Let us return briefly to the lonesome world of Alice and Bob. For transactions to truly benefit both of them, it should be obvious that they both have to know exactly what they are getting – that’s called the assumption of perfect information. If Alice’s chickens turn out to be diseased and inedible, Bob is not happier after all. Asymmetric information is common throughout the economy– generally, sellers know more about the product than buyers – but it’s obviously an inherent feature of Medicine. After all, the product for sale is expertise.
Another assumption is that Alice and Bob both enter into this transaction freely and willingly. That’s actually hard to define. If Bob’s crop fails and he’s starving, is Bob really free to take or leave Alice’s chicken? You might argue that even if Bob gives Alice everything he possesses, and binds himself to her in servitude for life, he’s still better off because at least he isn’t dead. That may be so, but obviously this isn’t a world Bob wants to live in.
At the very least, to protect Bob in this situation, there have to be a lot of people selling food, they have to be competing with each other and not colluding to hold up the price, and Bob has to know what each of them has on offer at what price, and be able to choose among them. That way he’ll get the best possible deal.

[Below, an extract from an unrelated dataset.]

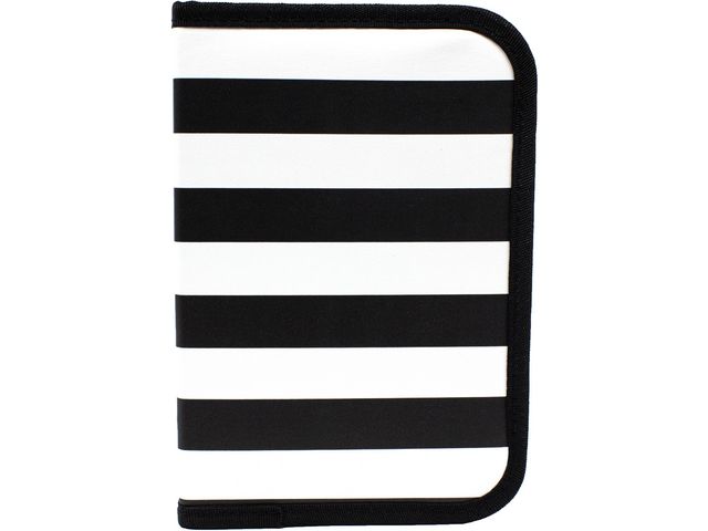 Svart och vitrandigt pennfodral som innehåller 19 olika delar. Tillsammans med fodralet ingår det 10 stycken träfärgpennor, 2 stycken blyertspennor, 2 stycken gelpennor, 2 stycken överstrykningspennor, 2 stycken bläckpennor samt en pennvässare och ett sudd. Antal: 19 olika delar Färg: Svart och vitrandigt Varning. Lämpar sig inte för barn under 3 år CE-märkt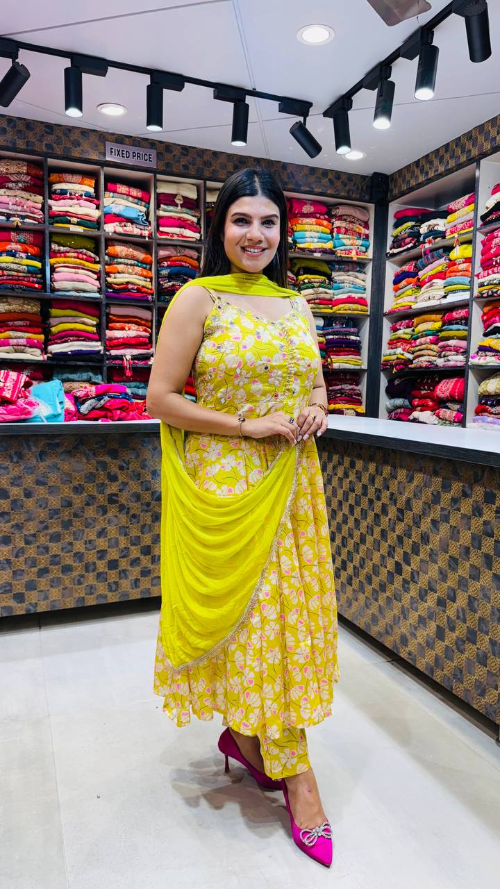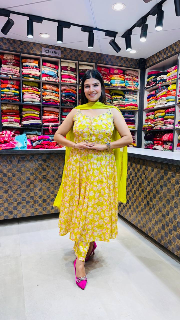 Radiate joy and freshness with Sunbloom, a charming Premium Crape ensemble in a lively lemon yellow tone. The outfit features a floral printed design that exudes brightness and feminine charm. The flowy crape fabric offers an elegant drape, while the matching dupatta completes the sunny, graceful look β perfect for festive mornings or cheerful daytime gatherings.

If Alice controlled all of the food in town, she’d be the dictator, and you could hardly getting away with calling that a Free Market. But that’s actually the case if Alice has a patent and exclusive marketing rights to a medication Bob needs to survive – a situation that exists for many people in the U.S. today.
If Bob does have choices, in order to make all these comparisons, prices need to be in common, measurable units, which is where money comes in. If Bob was exchanging, say, baseball cards for food they would be worth wildly different amounts to different food sellers, and trying to find the best deal would be nearly impossible. Bob would have to haggle with each of them individually before he could figure it out, and he might be dead by then.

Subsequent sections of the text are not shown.